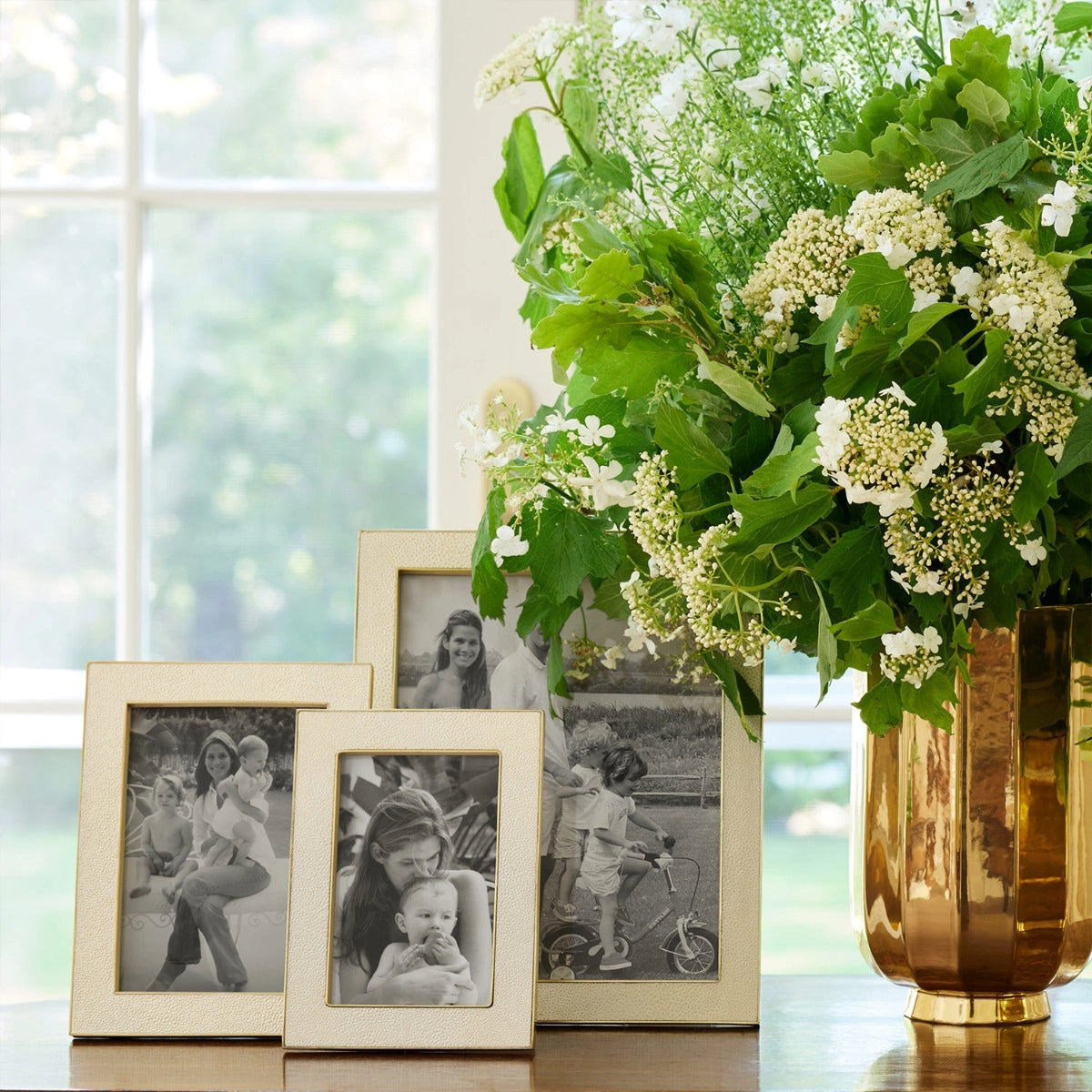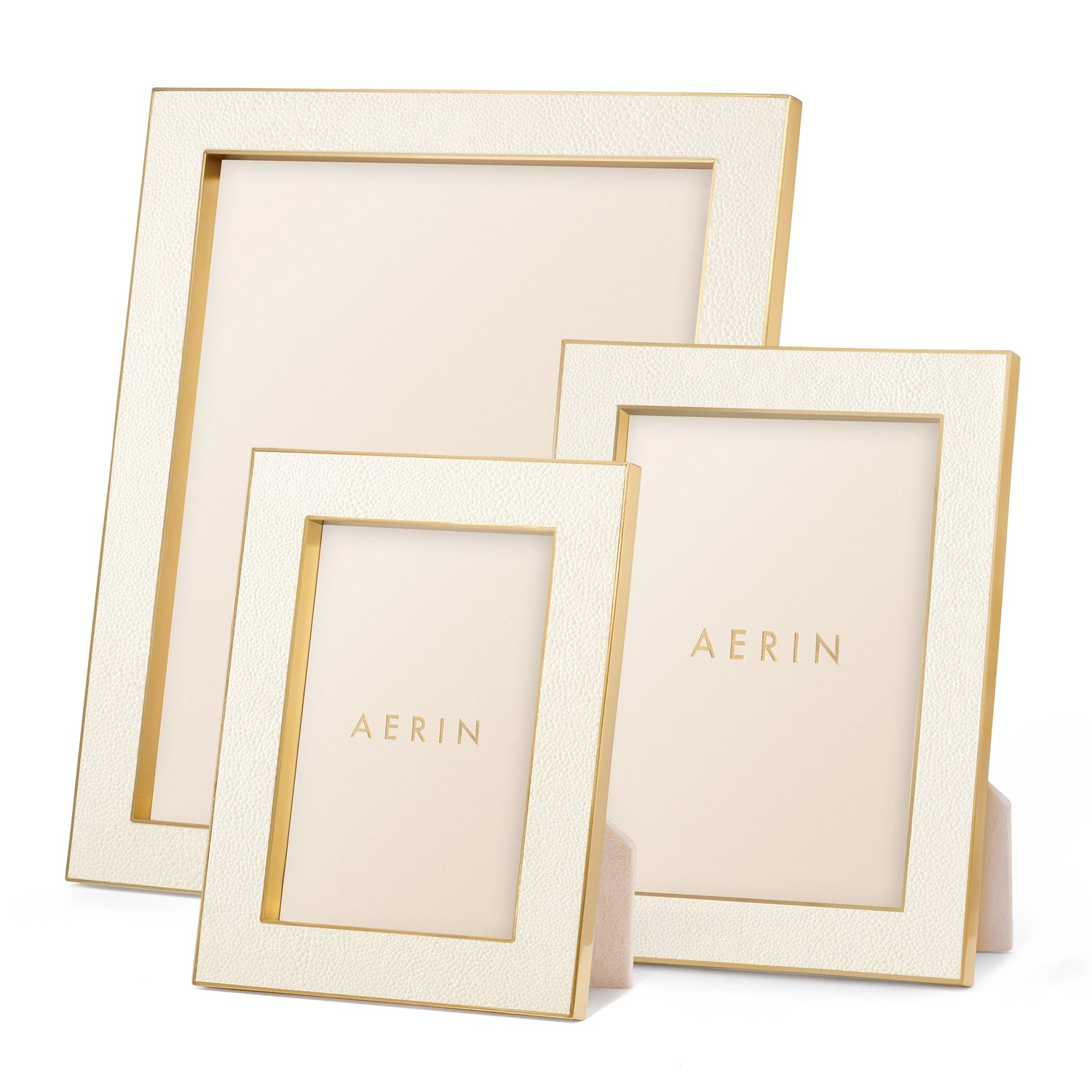 This modern yet classic frame juxtaposes the luxury and texture of embossed shagreen trimmed in polished brass. The versatile color elegantly displays a favorite family photo or a small piece of art.
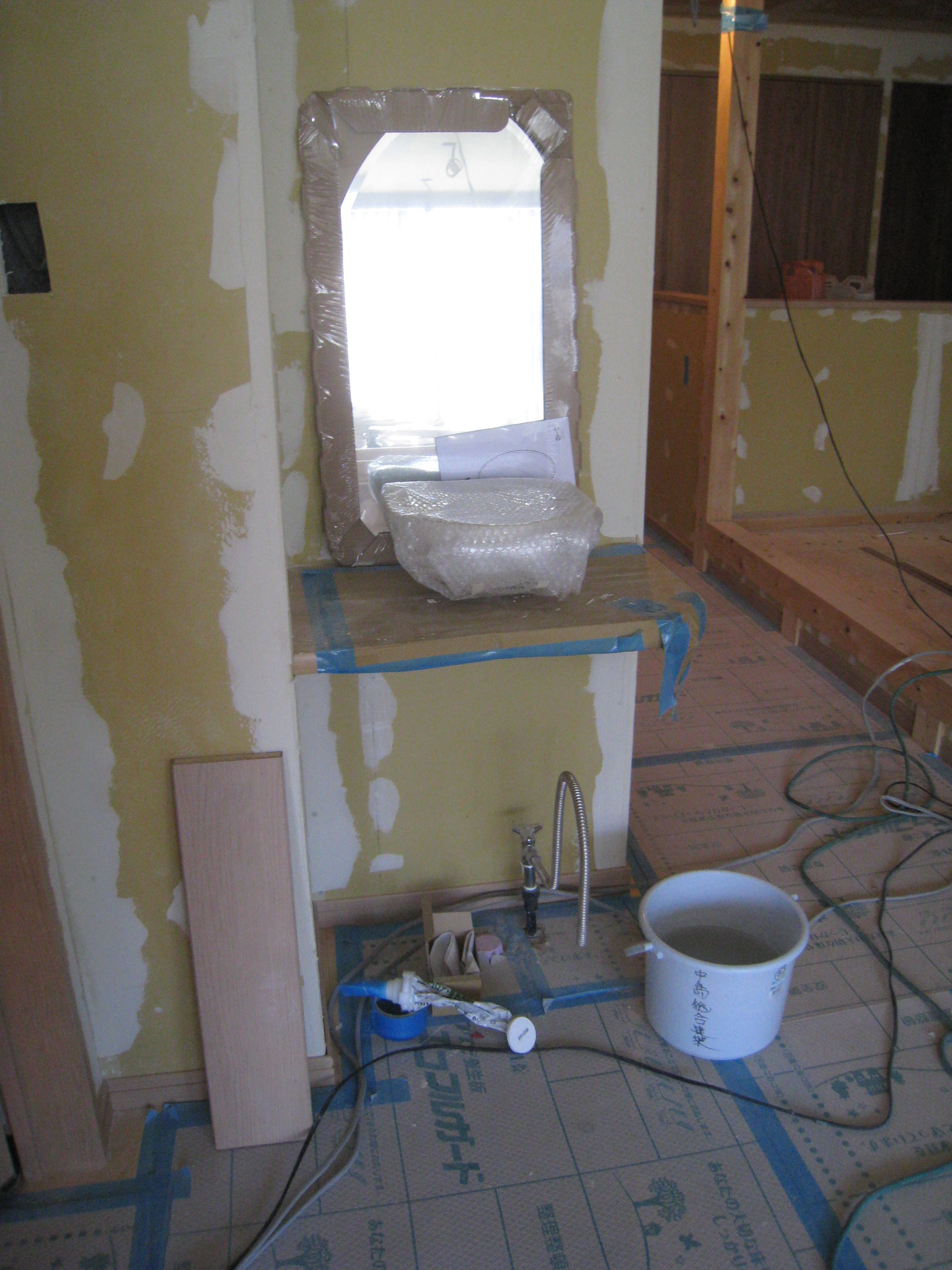 カウンターは造作して、おしゃれなミラー、水栓、ボウルをつけます
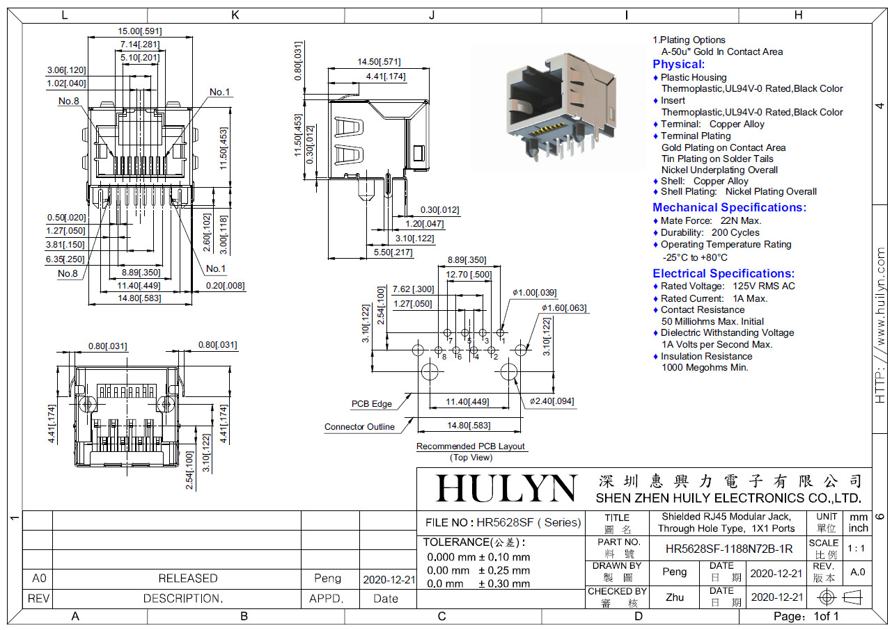 HULYN,New product , high-speed RJ45 connector/CAT5E/1G/THT/H11.5MM
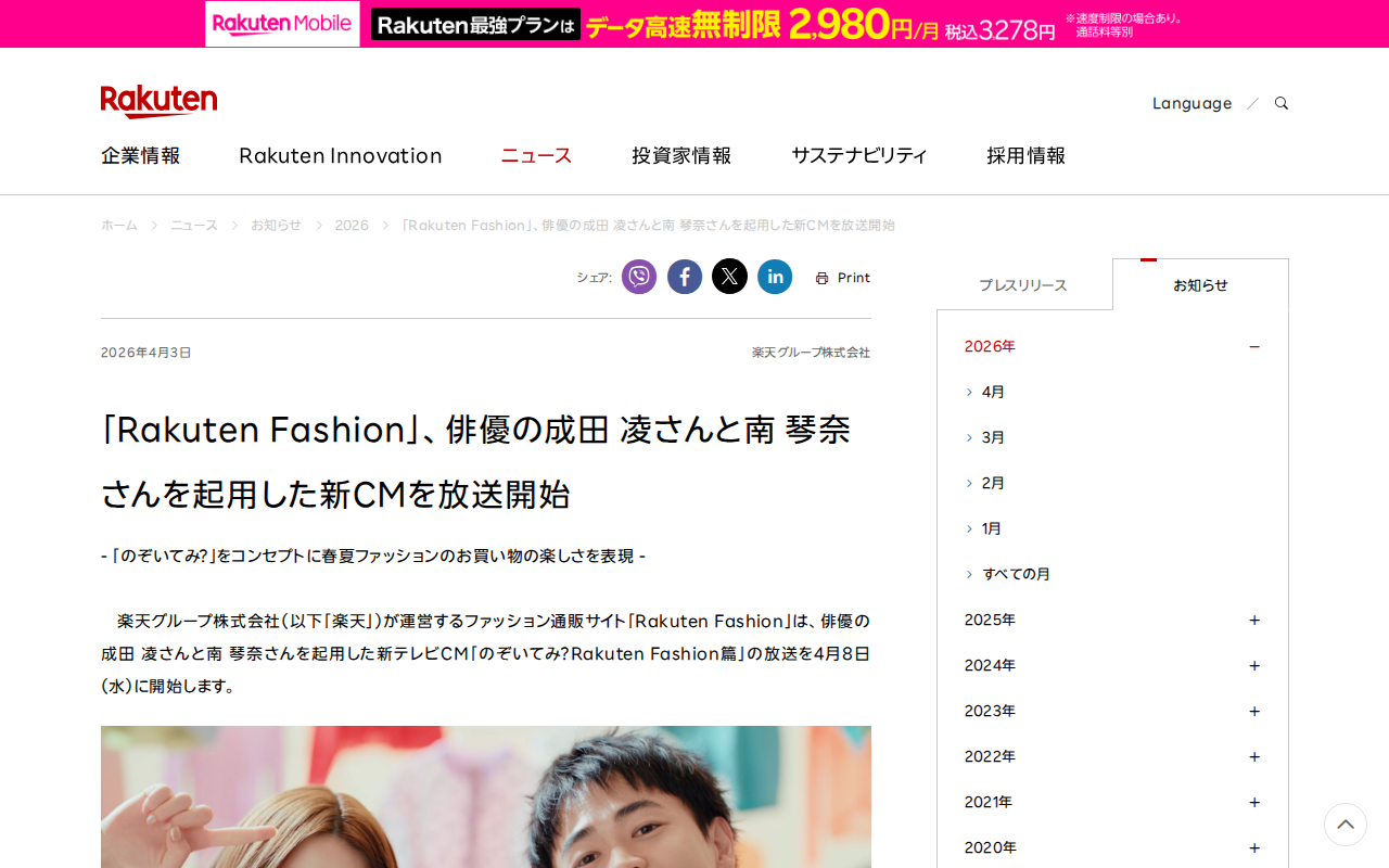 「Rakuten Fashion」、俳優の成田 凌さんと南 琴奈さんを起用した新CMを放送開始 | 楽天グループ株式会社

*ACTIVITY*
Retype the whole listing. Keep every word exact but include no pictures.

*FINISHED TASK*
 This modern yet classic frame juxtaposes the luxury and texture of embossed shagreen trimmed in polished brass. The versatile color elegantly displays a favorite family photo or a small piece of art.
 カウンターは造作して、おしゃれなミラー、水栓、ボウルをつけます
 HULYN,New product , high-speed RJ45 connector/CAT5E/1G/THT/H11.5MM
 「Rakuten Fashion」、俳優の成田 凌さんと南 琴奈さんを起用した新CMを放送開始 | 楽天グループ株式会社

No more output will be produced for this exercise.